Slavery in Mauritania
From Baroness Cox Sir: William Cash's inaccurate and misleading piece ('The great slave trade scam', 28 April) will serve to prolong the suffering of the people of Sudan by encouraging the National Islamic Front (NIF) regime which is perpetrating the practice of slavery.
Cash arrogantly and ignorantly extrapolates from his research into child slavery and the ivory trade and applies it to the tragic situation in Sudan today. He also blurs any distinction between the type of slavery prevalent in other parts of Africa with the use of slavery as a weapon of war by the NIF regime in Sudan.
His selective use of references conveniently omits any mention of numerous reports that confirm the reality of slavery in Sudan and endorse our work. On many occasions, investigative journalists have accompanied the visits made by myself and my colleagues
from Christian Solidarity Worldwide (CSW). They start appropriately sceptical, and return convinced by the authenticity of the experience of the slaves and the justification of rescuing those whom it is possible to free. They include reporters from the Baltimore Sun. Corriere della Sera, the Ottawa Citizen and the BBC Everyman programme.
The sloppiness of Cash's research and report is illustrated by inaccuracies. For example, the price of freedom for women and children has not risen but fallen from 5150 to $60. Also, it is not only Christians who are enslaved; those subjected to this ultimately degrading practice include Muslims and animists.
Most seriously, Cash addresses this tragic phenomenon completely out of context — not surprisingly, as he seems not to have been there.

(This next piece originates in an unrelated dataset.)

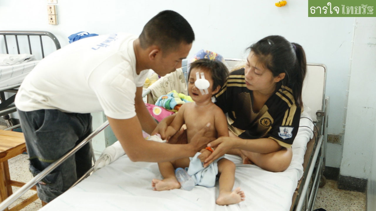 น่าสงสาร!! "น้องแป้ง" เด็กวัยขวบครึ่ง ถูกใบมีดเครื่องตัดข้าวดีดหลุดกระเด็นใส่ตาซ้ายแตก หมอต้องควักลูกตาทิ้งแล้วใส่ลูกแก้ว รอโอกาสใส่ตาเทียม หวั่นตาอีกข้างจะเสียตามไปด้วย พ่อก็เป็นทหารเกณฑ์ ส่วนแม่รับจ้าง หมดปัญญาพาลูกไปหาหมอที่กรุงเทพฯ วอนผู้ใจบุญช่วยเหลือ...

By contrast, I have worked as a nurse in northern Sudan on an immunisation programme and visited many other parts of Sudan 26 times since 1991. Slavery is one of the weapons used by the NIF in the jihad it is waging against all who oppose it. These weapons include military offensives against innocent civilians; manipulation of aid by denying access by major aid organisations to vast areas of Sudan (often where the military offensives have occurred, leaving victims bereft of aid and advocacy); and slavery — an efficient weapon for the destruction of families and communities.

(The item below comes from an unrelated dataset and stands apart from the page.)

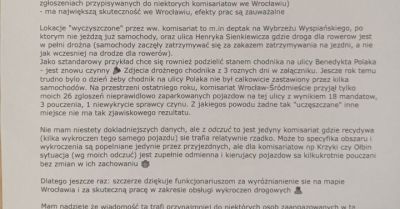 Mieszkaniec Wrocławia podziękował funkcjonariuszom Komisariatu Policji Wrocław Śródmieście za skuteczne działania wobec nieprawidłowo parkujących...

If Cash had sat with us and taken detailed evidence from women and children just returned from the horrors of slavery, and seen the scars corroborating their stories, he might have concluded with us that there is a moral imperative to free those whom we can, and to see them systematically reunited with their families. He might also have added his voice to ours in an endeavour to do everything possible to end this abominable policy. The children who give money from their piggy banks are doing more to relieve this misery than his ignorant, cynical and inaccurate report.
Caroline Cox
House of Lords, London SW1
From Mr David HenshaW Sir: After a couple of months' research on child-smuggling in Africa, William Cash may well be an expert on the subject. It's a pity that he didn't bother to put the same effort into the separate issue of slavery in Mauritania, the subject of the film made by Simon Sebag Montefiore for Channel 4 and produced by myself.
The form of chattel slavery in Mauritania is very different from child-trafficking in West Africa and the so-called slavery practised in southern Sudan, which is really a form of hostage-taking. Slavery in Mauritania is a feudal relic which, though much diminished, still survives, despite three formal acts of abolition in the 20th century. The struggle against this archaic practice is led not by a bunch of Western hacks and do-gooders, but a rather brave group of former slaves known as 'El Hor' (`Freedom).
William Cash's ignorant suggestion that our chance meeting with a member of El Hor might have been a 'set-up' is an unworthy slur on a, brave man who risked his freedom to talk to total strangers. It is also laughable. You have to wonder how well Cash really knows his Africa if he thinks it feasible, from a distance of 3,000 miles, to pre-arrange a meeting in a cluster of palm trees on the far edge of one of the most remote oases in the Sahara.